● **Try it**:
Please repeat the lines below exactly. Begin with the line containing "你看这个数据,iPhone17 Pro Max(256G,512G)、17" and go on through the line containing "К слову, жители".
# # # #
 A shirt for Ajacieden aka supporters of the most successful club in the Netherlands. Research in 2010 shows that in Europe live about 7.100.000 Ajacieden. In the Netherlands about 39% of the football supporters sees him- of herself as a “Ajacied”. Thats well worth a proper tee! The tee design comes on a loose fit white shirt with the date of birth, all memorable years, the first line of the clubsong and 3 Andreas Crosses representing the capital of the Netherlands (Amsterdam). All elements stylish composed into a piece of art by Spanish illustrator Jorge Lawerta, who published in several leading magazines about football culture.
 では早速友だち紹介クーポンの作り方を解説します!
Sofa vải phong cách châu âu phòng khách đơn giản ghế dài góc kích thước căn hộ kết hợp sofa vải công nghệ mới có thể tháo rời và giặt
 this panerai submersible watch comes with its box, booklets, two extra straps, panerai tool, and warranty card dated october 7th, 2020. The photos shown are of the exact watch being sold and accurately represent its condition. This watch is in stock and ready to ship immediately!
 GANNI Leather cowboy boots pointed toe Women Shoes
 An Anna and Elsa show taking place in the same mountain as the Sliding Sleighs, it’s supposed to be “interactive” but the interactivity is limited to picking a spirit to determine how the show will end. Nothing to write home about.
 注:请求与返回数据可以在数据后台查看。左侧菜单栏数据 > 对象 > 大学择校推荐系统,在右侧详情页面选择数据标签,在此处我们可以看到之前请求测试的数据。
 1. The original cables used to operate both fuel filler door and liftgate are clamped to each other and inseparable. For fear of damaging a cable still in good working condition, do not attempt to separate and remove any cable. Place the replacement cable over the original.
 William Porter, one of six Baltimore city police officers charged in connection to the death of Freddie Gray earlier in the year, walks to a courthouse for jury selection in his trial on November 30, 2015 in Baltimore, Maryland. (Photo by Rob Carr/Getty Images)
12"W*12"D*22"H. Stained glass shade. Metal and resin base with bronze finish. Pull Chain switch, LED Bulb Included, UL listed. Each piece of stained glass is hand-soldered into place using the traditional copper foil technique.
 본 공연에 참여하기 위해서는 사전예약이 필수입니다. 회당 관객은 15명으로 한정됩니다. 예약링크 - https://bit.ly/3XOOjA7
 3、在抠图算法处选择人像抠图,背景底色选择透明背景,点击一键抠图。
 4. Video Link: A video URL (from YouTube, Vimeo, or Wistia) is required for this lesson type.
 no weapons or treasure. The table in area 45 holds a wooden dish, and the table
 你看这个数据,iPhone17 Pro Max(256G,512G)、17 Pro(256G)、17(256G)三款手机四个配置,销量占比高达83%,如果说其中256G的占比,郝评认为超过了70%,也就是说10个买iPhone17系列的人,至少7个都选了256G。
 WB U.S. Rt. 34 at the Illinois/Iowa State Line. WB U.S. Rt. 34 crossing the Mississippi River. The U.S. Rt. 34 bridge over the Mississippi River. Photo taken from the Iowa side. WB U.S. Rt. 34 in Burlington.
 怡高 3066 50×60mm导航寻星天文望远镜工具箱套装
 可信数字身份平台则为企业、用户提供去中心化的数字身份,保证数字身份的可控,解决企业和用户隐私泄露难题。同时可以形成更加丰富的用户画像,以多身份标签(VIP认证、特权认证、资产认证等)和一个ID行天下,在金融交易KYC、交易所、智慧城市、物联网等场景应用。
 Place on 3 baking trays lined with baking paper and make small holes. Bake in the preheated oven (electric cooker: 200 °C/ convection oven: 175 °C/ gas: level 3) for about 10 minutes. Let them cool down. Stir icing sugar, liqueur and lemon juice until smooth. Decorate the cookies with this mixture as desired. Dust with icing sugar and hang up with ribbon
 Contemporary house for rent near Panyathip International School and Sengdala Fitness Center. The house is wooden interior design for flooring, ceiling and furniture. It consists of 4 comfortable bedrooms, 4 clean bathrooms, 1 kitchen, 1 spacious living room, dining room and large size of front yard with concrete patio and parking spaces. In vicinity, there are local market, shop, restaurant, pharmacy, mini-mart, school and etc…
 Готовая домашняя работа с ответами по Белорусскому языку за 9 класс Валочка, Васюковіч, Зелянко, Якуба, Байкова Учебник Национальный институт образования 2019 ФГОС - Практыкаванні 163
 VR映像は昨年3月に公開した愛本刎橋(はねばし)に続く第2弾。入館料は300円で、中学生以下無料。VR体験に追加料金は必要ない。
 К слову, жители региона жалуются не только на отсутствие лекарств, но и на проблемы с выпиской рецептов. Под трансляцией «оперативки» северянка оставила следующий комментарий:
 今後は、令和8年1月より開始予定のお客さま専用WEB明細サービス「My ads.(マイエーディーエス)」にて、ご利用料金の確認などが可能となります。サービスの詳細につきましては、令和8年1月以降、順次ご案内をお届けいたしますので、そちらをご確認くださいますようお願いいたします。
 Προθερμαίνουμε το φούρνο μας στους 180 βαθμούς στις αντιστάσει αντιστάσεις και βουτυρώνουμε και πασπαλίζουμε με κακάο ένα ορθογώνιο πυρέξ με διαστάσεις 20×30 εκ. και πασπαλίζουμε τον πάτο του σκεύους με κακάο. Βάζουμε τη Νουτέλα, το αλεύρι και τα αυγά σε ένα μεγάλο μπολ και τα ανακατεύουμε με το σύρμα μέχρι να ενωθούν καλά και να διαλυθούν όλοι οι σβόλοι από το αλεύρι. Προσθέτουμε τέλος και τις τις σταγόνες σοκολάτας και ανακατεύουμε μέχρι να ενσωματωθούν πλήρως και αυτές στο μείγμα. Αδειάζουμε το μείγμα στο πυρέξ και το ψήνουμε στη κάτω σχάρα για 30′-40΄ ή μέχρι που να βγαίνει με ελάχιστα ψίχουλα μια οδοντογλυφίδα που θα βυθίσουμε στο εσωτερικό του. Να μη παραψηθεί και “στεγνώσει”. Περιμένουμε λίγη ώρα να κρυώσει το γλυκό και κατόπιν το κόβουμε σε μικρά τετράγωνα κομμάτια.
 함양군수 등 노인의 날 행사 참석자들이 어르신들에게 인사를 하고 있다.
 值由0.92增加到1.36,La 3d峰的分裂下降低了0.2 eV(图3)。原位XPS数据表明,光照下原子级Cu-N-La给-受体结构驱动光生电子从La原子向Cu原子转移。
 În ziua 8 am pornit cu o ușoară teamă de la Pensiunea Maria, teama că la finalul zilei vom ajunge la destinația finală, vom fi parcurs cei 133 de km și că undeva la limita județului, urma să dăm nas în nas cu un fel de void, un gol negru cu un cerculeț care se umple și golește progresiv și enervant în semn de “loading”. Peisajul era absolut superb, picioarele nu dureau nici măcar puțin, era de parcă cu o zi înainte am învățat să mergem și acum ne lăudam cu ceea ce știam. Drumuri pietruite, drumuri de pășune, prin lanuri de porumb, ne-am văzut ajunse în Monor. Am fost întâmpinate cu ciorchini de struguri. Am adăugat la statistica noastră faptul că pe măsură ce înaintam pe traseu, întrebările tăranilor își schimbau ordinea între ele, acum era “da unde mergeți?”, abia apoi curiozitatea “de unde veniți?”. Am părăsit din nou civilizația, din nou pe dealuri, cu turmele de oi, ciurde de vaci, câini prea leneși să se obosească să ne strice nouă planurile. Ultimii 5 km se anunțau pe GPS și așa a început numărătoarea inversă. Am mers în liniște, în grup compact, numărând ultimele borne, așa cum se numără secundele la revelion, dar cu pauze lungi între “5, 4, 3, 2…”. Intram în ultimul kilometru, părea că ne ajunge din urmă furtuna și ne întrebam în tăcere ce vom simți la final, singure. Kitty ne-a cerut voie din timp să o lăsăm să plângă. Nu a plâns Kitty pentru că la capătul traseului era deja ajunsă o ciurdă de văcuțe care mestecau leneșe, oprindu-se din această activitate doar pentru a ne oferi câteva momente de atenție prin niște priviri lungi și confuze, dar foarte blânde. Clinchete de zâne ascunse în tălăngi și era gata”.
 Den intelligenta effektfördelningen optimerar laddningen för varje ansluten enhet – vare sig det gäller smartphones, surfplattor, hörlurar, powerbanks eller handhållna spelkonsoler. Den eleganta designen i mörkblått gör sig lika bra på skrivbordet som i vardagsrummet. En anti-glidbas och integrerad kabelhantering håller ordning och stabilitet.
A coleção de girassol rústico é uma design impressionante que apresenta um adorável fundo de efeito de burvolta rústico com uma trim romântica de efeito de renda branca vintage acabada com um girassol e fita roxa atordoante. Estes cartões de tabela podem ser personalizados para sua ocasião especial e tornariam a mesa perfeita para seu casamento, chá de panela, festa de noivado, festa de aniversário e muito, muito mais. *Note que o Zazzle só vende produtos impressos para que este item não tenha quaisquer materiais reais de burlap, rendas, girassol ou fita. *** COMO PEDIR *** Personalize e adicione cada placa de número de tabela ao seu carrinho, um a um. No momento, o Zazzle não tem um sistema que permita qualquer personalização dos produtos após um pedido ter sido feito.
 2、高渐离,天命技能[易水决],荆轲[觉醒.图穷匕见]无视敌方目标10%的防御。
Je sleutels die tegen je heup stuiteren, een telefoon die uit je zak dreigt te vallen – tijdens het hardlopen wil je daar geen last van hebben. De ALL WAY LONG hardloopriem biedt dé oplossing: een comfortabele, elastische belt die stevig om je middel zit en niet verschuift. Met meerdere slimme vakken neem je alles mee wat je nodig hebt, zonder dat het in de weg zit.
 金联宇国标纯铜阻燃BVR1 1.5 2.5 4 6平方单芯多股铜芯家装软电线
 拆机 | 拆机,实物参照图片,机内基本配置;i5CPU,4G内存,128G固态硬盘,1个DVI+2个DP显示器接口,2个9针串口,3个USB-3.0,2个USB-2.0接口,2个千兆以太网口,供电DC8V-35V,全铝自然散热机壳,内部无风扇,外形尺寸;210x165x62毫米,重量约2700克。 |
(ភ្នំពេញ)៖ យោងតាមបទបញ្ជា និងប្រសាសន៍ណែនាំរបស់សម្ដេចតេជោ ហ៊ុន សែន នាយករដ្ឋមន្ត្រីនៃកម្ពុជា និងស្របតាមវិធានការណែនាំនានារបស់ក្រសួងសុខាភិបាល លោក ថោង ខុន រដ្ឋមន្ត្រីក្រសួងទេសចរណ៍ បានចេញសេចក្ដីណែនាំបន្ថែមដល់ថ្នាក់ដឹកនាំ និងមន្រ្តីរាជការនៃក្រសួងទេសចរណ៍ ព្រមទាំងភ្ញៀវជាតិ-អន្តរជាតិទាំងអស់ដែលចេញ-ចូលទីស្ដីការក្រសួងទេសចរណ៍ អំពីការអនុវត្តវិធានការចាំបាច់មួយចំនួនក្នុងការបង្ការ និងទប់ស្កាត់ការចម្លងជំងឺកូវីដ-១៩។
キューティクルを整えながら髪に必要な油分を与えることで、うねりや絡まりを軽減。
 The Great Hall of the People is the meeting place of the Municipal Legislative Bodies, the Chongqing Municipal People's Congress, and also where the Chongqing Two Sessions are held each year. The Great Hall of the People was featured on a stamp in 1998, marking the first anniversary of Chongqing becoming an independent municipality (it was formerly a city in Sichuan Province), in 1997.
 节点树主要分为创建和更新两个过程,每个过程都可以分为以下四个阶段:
# # # #
● **Answer to this exercise**:
 你看这个数据,iPhone17 Pro Max(256G,512G)、17 Pro(256G)、17(256G)三款手机四个配置,销量占比高达83%,如果说其中256G的占比,郝评认为超过了70%,也就是说10个买iPhone17系列的人,至少7个都选了256G。
 WB U.S. Rt. 34 at the Illinois/Iowa State Line. WB U.S. Rt. 34 crossing the Mississippi River. The U.S. Rt. 34 bridge over the Mississippi River. Photo taken from the Iowa side. WB U.S. Rt. 34 in Burlington.
 怡高 3066 50×60mm导航寻星天文望远镜工具箱套装
 可信数字身份平台则为企业、用户提供去中心化的数字身份,保证数字身份的可控,解决企业和用户隐私泄露难题。同时可以形成更加丰富的用户画像,以多身份标签(VIP认证、特权认证、资产认证等)和一个ID行天下,在金融交易KYC、交易所、智慧城市、物联网等场景应用。
 Place on 3 baking trays lined with baking paper and make small holes. Bake in the preheated oven (electric cooker: 200 °C/ convection oven: 175 °C/ gas: level 3) for about 10 minutes. Let them cool down. Stir icing sugar, liqueur and lemon juice until smooth. Decorate the cookies with this mixture as desired. Dust with icing sugar and hang up with ribbon
 Contemporary house for rent near Panyathip International School and Sengdala Fitness Center. The house is wooden interior design for flooring, ceiling and furniture. It consists of 4 comfortable bedrooms, 4 clean bathrooms, 1 kitchen, 1 spacious living room, dining room and large size of front yard with concrete patio and parking spaces. In vicinity, there are local market, shop, restaurant, pharmacy, mini-mart, school and etc…
 Готовая домашняя работа с ответами по Белорусскому языку за 9 класс Валочка, Васюковіч, Зелянко, Якуба, Байкова Учебник Национальный институт образования 2019 ФГОС - Практыкаванні 163
 VR映像は昨年3月に公開した愛本刎橋(はねばし)に続く第2弾。入館料は300円で、中学生以下無料。VR体験に追加料金は必要ない。
 К слову, жители региона жалуются не только на отсутствие лекарств, но и на проблемы с выпиской рецептов. Под трансляцией «оперативки» северянка оставила следующий комментарий:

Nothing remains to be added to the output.